Message-ID: <tyfd5t5hsya.fsf@lxplus055.cern.ch>
alex goldman <·····@spamm.er> writes:

> Can you post the C code as well?

#include <stdio.h>

int e = 0;

float wr0(float tt, float ti, float z, float zi,
          int eps, int q, int r, int omega, int mu, int p, int rho) {
  return 
    - e*tt + eps*z - p*(tt*zi+ti*z) - mu*z*zi - 
    q*(tt*(z*z-zi*zi)-2*ti*z*zi)/2.0 - 
    r*(ti*(z*z*z-3*z*zi*zi)+tt*(3*z*z*zi-zi*zi*zi))/6.0 + 
    rho*(z*z*z-3*z*zi*zi)/6.0;
}

float wi0(float tt, float ti, float z, float zi,
          int eps, int q, int r, int omega, int mu, int p, int rho) {
  return
    omega - e*ti + eps*zi + mu*(z*z-zi*zi)/2.0 + 
    p*(tt*z-ti*zi) - q*(ti*(z*z-zi*zi)+2.0*tt*z*zi)/2.0 + 
    rho*(3.0*z*z*zi-zi*zi*zi)/6.0 + 
    r*(tt*(z*z*z-3.0*z*zi*zi)-ti*(3.0*zi*z*z-zi*zi*zi))/6.0;
}

float abswfn(float tt, float ti, float z, float zi,
             int eps, int q, int r, int omega, int mu, int p, int rho) {
  float re,im;
  re = wr0(tt, ti, z, zi, eps, q, r, omega, mu, p, rho);
  im = wi0(tt, ti, z, zi, eps, q, r, omega, mu, p, rho);
  return sqrt(re*re + im*im);
}

#define START -5
#define STOP 5
#define STEP 1

int main() {

  FILE* fp = fopen("/tmp/csele0", "w"); 

  int eps, q, r, omega, mu, p, rho;
  float arg, z, absw;

  float ti, tz, tt, zi;

  for (eps=START; eps<=STOP; eps+=STEP) {
    for (q=START; q<=STOP; q+=STEP) {
      for (r=START; r<=STOP; r+=STEP) {
        for (omega=START; omega<=STOP; omega+=STEP) {
          for (mu=START; mu<=STOP; mu+=STEP) {
            for (p=START; p<=STOP; p+=STEP) {
              for (rho=START; rho<=STOP; rho+=STEP) {
                if (eps*q - r*omega - mu*p == 0 &&
                    r != 0 &&
                    p != 0) {
                  arg = -6*p/(float)r-9*q*q/(float)(4*r*r);
                  if (arg > 1) {
                    z = sqrt(arg);
                    tt = z*(4*mu*r*p-q*r*eps-3*q*p*rho)/(float)(2*r*p*(8*p*r+3*q*q));
                    if (tt > 1) {
                      ti = - eps/(2*p) + 3*rho/(float)(2*r); 
                      zi = - 3*q/(float)(2*r);
                      absw = abswfn(tt, ti,z, zi, eps, q, r, omega, mu, p, rho);
                      if (absw < 5) {
                        fprintf(fp, "%3d %3d %3d %3d %3d %3d %3d %f %f %f\n",
                                 eps, q, r, omega, mu, p, rho, tt, z, absw);
                       }
                    }
                  }
                }
              }
            }
          }
        }
      }
    }
  }
}
From: Kaz Kylheku
Subject: Re: Optimizing numerics: a) declarations b) partial evaluation
Date: 
Message-ID: <1113017235.458968.258500@l41g2000cwc.googlegroups.com>
Jacek Generowicz wrote:
>     q*(tt*(z*z-zi*zi)-2*ti*z*zi)/2.0 -

A small remark.
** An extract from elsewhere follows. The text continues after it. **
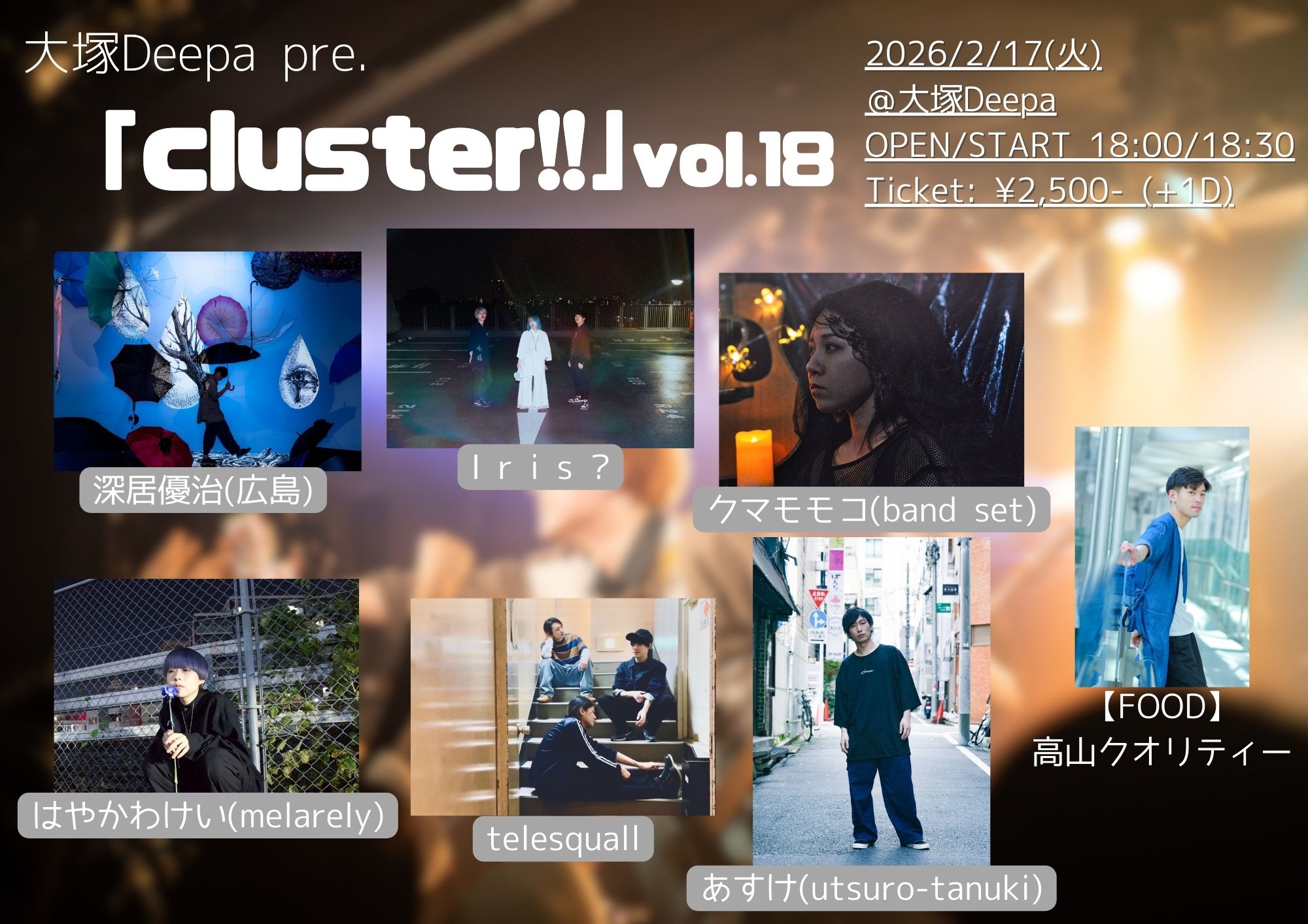 大塚 Deepa スケジュール 2026.2.17(Tue) 大塚Deepa pre.「cluster!!」vol.18 [ACT] 深居優治(広島)/I r i s ?/クマモモコ(band set)/はやかわけい(melarely)/telesquall/あすけ(utsuri-tanuki) [OPEN/START] 18:00/18:30 [料金] Ticket: ¥2,500-(+1D)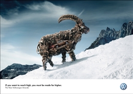 个性是一个人精神面貌的整体体现,即这个人在思想、性格和意志等心理特征方面具有一定的倾向性,通过个性可以判定一个人的内在价值。在左图所示的汽车广告中,设计者运用机械零件组合成的山羊形象,带给受众个性独特的视觉感受。

In your Lisp, using the infix package, you wrote these
exponentiations as z^^2, which infix translates to (expt z 2). The
direct C equivalent is pow(z, 2). You have strength-reduced the C by
hand, but in the Lisp case, you are counting on the compiler to do it.
Hmm!
From: Jacek Generowicz
Subject: Re: Optimizing numerics: a) declarations b) partial evaluation
Date: 
Message-ID: <m2wtrc5ut2.fsf@genera.local>
"Kaz Kylheku" <···@ashi.footprints.net> writes:

> Jacek Generowicz wrote:
>>     q*(tt*(z*z-zi*zi)-2*ti*z*zi)/2.0 -
>
> A small remark. In your Lisp, using the infix package, you wrote these
> exponentiations as z^^2, which infix translates to (expt z 2). The
> direct C equivalent is pow(z, 2). You have strength-reduced the C by
> hand, but in the Lisp case, you are counting on the compiler to do it.
> Hmm!

Yes, in the ur-code I posted that is the case. But I did the reduction
by hand almost immediately before proceeding. Though I see that I left
a few in for some other variables. Thanks.
From: Antonio Menezes Leitao
Subject: Re: Optimizing numerics: a) declarations b) partial evaluation
Date: 
Message-ID: <87ekdjlupv.fsf@gia.ist.utl.pt>
Jacek Generowicz <················@cern.ch> writes:

> I have finally got around to trying to learn about optimizing
> numerical code in Lisp.
>
> My guinea pig code initially ran roughly 10 times slower in CMUCL,
> SBCL and OpenMCL, than the essenitally equivalent C code compiled with
> gcc. (Slower by a factor of 30 if -O3 flag is given.)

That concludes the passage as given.